= Problem =
Copy the complete listing word for word, but do not carry over any images.

= Stored data =

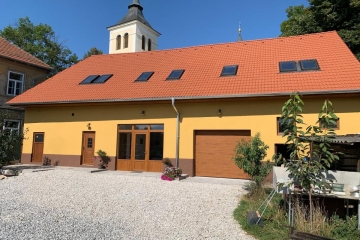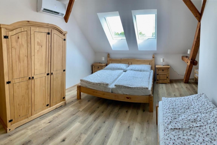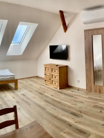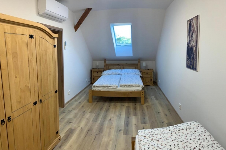 Apartmány jsou situovány v 1. patře zrekonstreuovaného objektu stodoly na koňském statku. V budově se nacházejí dva plně vybavené apartmány o velikosti 2+kk 70 m2. V přízemí objektu se nachází studio 1+kk 80 m2. K dispozici je venkovní posezení s grilem. Možné je uschovat jízdní kola v uzamykatelné garáži. Pakování je možné přímo v objektu statku. Je zde možné domluvit výuku jízdy na koních, či vyjížďky do přírody. Nachází se na okraji Brdských lesů s krásnou přírodou, ideální pro cykloturistiku, vyjížďky na koních, či běžnou turistiku. V docházkové vzdálenosti se nachází město Hostomice s veškerou občanskou vybaveností a pivovarem.
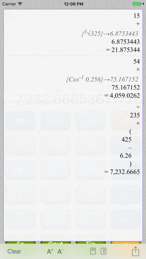 • Zoomable History Tape - Tap the history tape to expand for more detail, change the font size, copy contents to clipboard, or forward as an email. View as single-lines to save space, or use multi-line view for more detail.
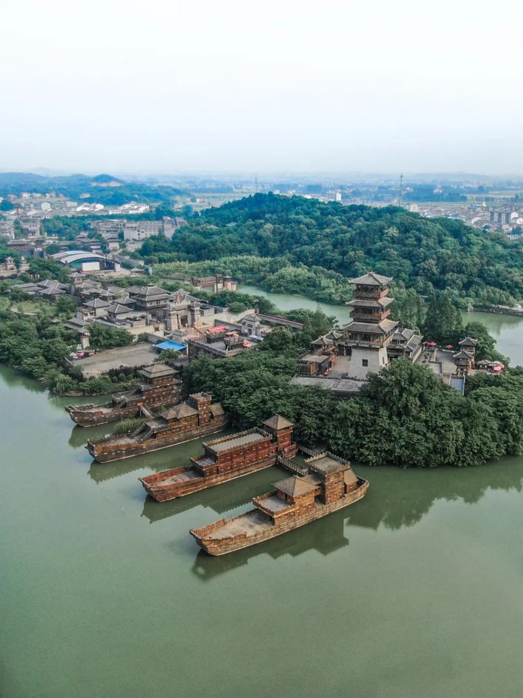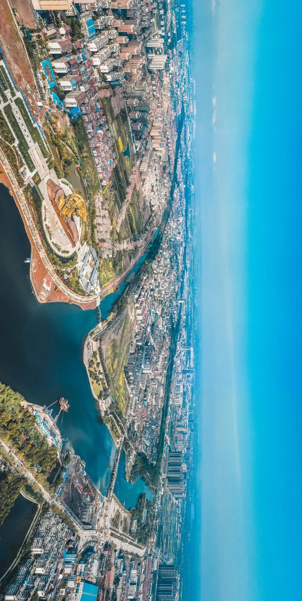 (请横屏观看,荆州古城鸟瞰,画面中部为荆州古城,外围一圈为护城河,左下为手持70米长刀的关羽像,摄影师@邓双)

= Problem solution =
 Apartmány jsou situovány v 1. patře zrekonstreuovaného objektu stodoly na koňském statku. V budově se nacházejí dva plně vybavené apartmány o velikosti 2+kk 70 m2. V přízemí objektu se nachází studio 1+kk 80 m2. K dispozici je venkovní posezení s grilem. Možné je uschovat jízdní kola v uzamykatelné garáži. Pakování je možné přímo v objektu statku. Je zde možné domluvit výuku jízdy na koních, či vyjížďky do přírody. Nachází se na okraji Brdských lesů s krásnou přírodou, ideální pro cykloturistiku, vyjížďky na koních, či běžnou turistiku. V docházkové vzdálenosti se nachází město Hostomice s veškerou občanskou vybaveností a pivovarem.
 • Zoomable History Tape - Tap the history tape to expand for more detail, change the font size, copy contents to clipboard, or forward as an email. View as single-lines to save space, or use multi-line view for more detail.
 (请横屏观看,荆州古城鸟瞰,画面中部为荆州古城,外围一圈为护城河,左下为手持70米长刀的关羽像,摄影师@邓双)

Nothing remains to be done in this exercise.